I still don't understand "Answer:Full paths report are unique paths on a site a visitor generally takes. However average page depth tells us how deep a page lies within a visit." - to me the page stats should still match, can you please help further clarify?

thanks again.

Avatar

Level 4

Lets understand it with an example:

Different visitors came to your website.

Visits for different pages (A,B,C,D)
1) A> B>C>Exit
2) A>C>Exit
3) A>C>B>Exit
4) A>B>Exit
5) A>C>Exit

So if we run a full path report all 4 paths (except 5th one which is similar to 2nd one will be counted as 2 visits) different from each other will appear in my report. 
So full path report will give me all the unique possible paths user has taken to navigate in my website.

1) A> B>C>Exit     -----1 Visit
2) A>C>Exit         ------2 Visit
3) A>C>B>Exit     ------1 Visit
4) A>B>Exit         ------1 Visit

So there could be many many possibilities for user to take and hence many paths will be reported in full path journey.

how do users get to the first page of the cart journey, where do they start from and which pages do they visit prior to the cart.
Answer: Try Fallout and Pathfinder analysis

(Reference: http://blogs.adobe.com/digitalmarketing/analytics/pathing-analysis-inside-omniture-sitecatalyst/  )

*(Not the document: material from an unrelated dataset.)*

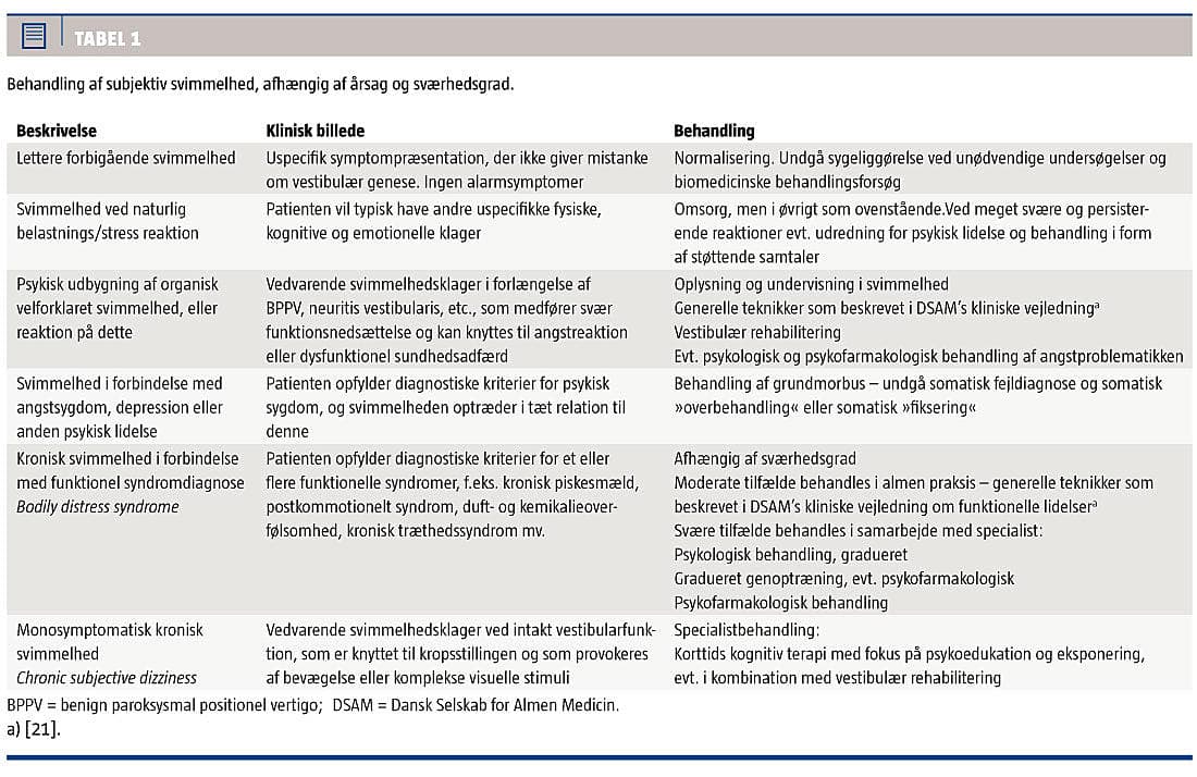 Behandlingen af subjektiv svimmelhed kan inddeles efter behandlingsmetode (fysioterapeutisk, psykologisk, psykofarmakologisk), men vil i praksis afhænge af sværhedsgrad og kontekst [20] (Tabel 1).

Which are the best & shortest journeys, which are the longest journeys.
Answer: That is quite an elaborate question which depends upon your KPI's, nature of your website, business goals.

Avatar

Level 3

Thanks for your reply.

So in your example, the average page depth of Page B (1+2+1/3) is 1.3 right?  What I guess I don't understand is how/why this metric can be any different to the pathfinder/full paths reports?

re: Which are the best & shortest journeys, which are the longest journeys.  What I want to understand is which are the shortest journeys users take to get to the cart, and which are the longest journeys (& whether this can be optimised upon).  What we want is to get users to the cart as quick as possible.

Avatar

Correct answer by
Level 4

Fallout Report
This report allows you to examine:
Conversion rates through specific processes on your site (such as a purchase or registration process)
General, wider scope traffic flows: Of the people who saw the home page, how many went on to perform a search and then how many of them eventually went on to look at a specific item?
Correlations between events on your site: What percentage of people who looked at your privacy policy went on to purchase?
To perform the analysis, you define a series of "checkpoints" represented by specific pages on your site. The resulting Fallout Report graphically displays how many visits reached Checkpoint 1, and then how many of those eventually made it to Checkpoint 2, and how many of those made it to Checkpoint 3, etc.

PathFinder Report 

The PathFinder report enables you to dissect your full site paths and look for trends, patterns, and fallout points to better understand how your users navigate your site. 

Full Paths:
This allows you to find the total unique paths taken by your user while navigating the website.


For better understanding the difference and solution to your query, I suggest you to go through each of these reports individually and understand your user journey from each point and angle. 

You can also refer to

The Adobe SiteCatalyst Handbook: An Insider's Guide by Adam Greco  which has a full dedicated section to understand Shopping Cart journey.